The 1965, 1978 and 2002 versions of the ward covered a large area of southern Hornchurch extending northwards from the River Thames, including the industrialised Hornchurch Marshes area. Since 2022 the ward has corresponded with the South Hornchurch neighbourhood.

==List of councillors==

| Term | Councillor | Party |  |
| 1964–1968 | C. Seager |  | Labour |
| 1964–1968 | A. Booton |  | Labour |
| 1964–1968 | E. Hillman |  | Labour |
| 1968–1971 | J. Collins |  | Conservative |
| 1968–1971 | J. Smith |  | Conservative |
| 1968–1971 | C. Sherman |  | Conservative |
| 1971–1974 | H. Bygate |  | Labour |
| 1971–1978 | H. Rivers |  | Labour |
| 1971–1978 | J. Whysall |  | Labour |
| 1974–1978 | S. Clarke |  | Labour |
| 1978–2008 | Leonard Long |  | Residents |
| 1978–1982 | Michael Burke |  | Residents |
| 1978–1982 | Ronald Whittaker |  | Residents |
| 1982–1986 | Ann Cockerton |  | Conservative |
| 1982–1986 | James Allum |  | Conservative |
| 1986–1998 | Roger Newnham |  | Residents |
| 1986–2002 | Reginald Whitney |  | Residents |
| 1998–2002; 2006–2010; | Thomas Binding |  | Labour |
| 2002–2006 | Malvin Brown |  | Residents |
| 2006–2010 | John Clark |  | Conservative |
| 2008–2022 | Michael-Deon Burton |  | Independent |
|  | Ind. Residents |
|  | Conservative |
| 2010–2014 | Rebbecca Bennett |  | Conservative |
| 2010–2014 | Denis Breading |  | Labour |
| 2014–2018 | Philip Martin |  | UKIP |
| 2014–2026 | Graham Williamson |  | Ind. Residents |
| 2018–2026 | Natasha Summers |  | Ind. Residents |
| 2026–present | Luke Barry |  | Reform |
| 2026–present | Angelica Ola |  | Reform |

==Summary==
Councillors elected by party at each general borough election.

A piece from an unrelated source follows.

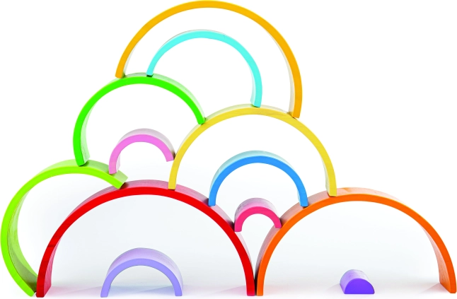 12 šarenih lukova nudi beskrajne kombinacije – od mostova i tunela do apstraktnih konstrukcija. Poticanje mašte i samostalne igre.

==Havering council elections since 2022==
There was a revision of ward boundaries in Havering in 2022. South Hornchurch lost territory in the south to Rainham and Wennington and the new ward of Beam Park. The number of councillors representing the ward was reduced from three to two.

===2026 election===
The election took place on 7 May 2026.

2026 Havering London Borough Council election: South Hornchurch (2)
| Party |  | Candidate | Votes | % | ±% |
|---|---|---|---|---|---|
|  | Reform | Luke Barry | 1,307 |  |  |
|  | Reform | Angelica Ola | 1,151 |  |  |
|  | Residents | Graham Williamson | 851 |  |  |
|  | Residents | Natasha Summers | 806 |  |  |
|  | Labour | Karen Bernard | 433 |  |  |
|  | Green | Ruth Kettle-Frisby | 316 |  |  |
|  | Labour | Eric Sheqi | 310 |  |  |
|  | Independent | Mushtaq Ahmad | 261 |  |  |
|  | Green | Henry Mcaneny | 243 |  |  |
|  | Conservative | Michael Burton | 230 |  |  |
|  | Conservative | Arunraj Swlvaraj | 161 |  |  |
|  | Liberal Democrats | Caroline Hibbs-Brown | 66 |  |  |
| Turnout |  |  |  | 42.62 |  |
|  | Reform gain from Residents |  | Swing |  |  |
|  | Reform gain from Residents |  | Swing |  |  |

===2022 election===
The election took place on 5 May 2022.

2022 Havering London Borough Council election: South Hornchurch (2)
| Party |  | Candidate | Votes | % | ±% |
|---|---|---|---|---|---|
|  | Ind. Residents | Natasha Summers | 1,023 | 44.8 |  |
|  | Ind. Residents | Graham Williamson | 1,019 | 44.7 |  |
|  | Labour | Julia Pearman | 669 | 29.3 |  |
|  | Labour | Mirza Akhtar | 664 | 29.1 |  |
|  | Conservative | Michael-Deon Burton | 573 | 25.1 |  |
|  | Conservative | Maggie Themistocli | 500 | 21.9 |  |
|  | Green | Kim Arrowsmith | 116 | 5.1 |  |
| Turnout |  |  |  | 31.8% |  |
| Majority |  |  | 350 | 15.4 |  |
|  | Ind. Residents win (new boundaries) |  |  |  |  |
|  | Ind. Residents win (new boundaries) |  |  |  |  |

==2002–2022 Havering council elections==

There was a revision of ward boundaries in Havering in 2002. Territory was gained in the northeast from the abolished Airfield ward and some territory was transferred to Elm Park ward in the northwest.
===2018 election===
The election took place on 3 May 2018. Michael-Deon Burton stood as an independent candidate at the election and joined the Conservative Party immediately after the election.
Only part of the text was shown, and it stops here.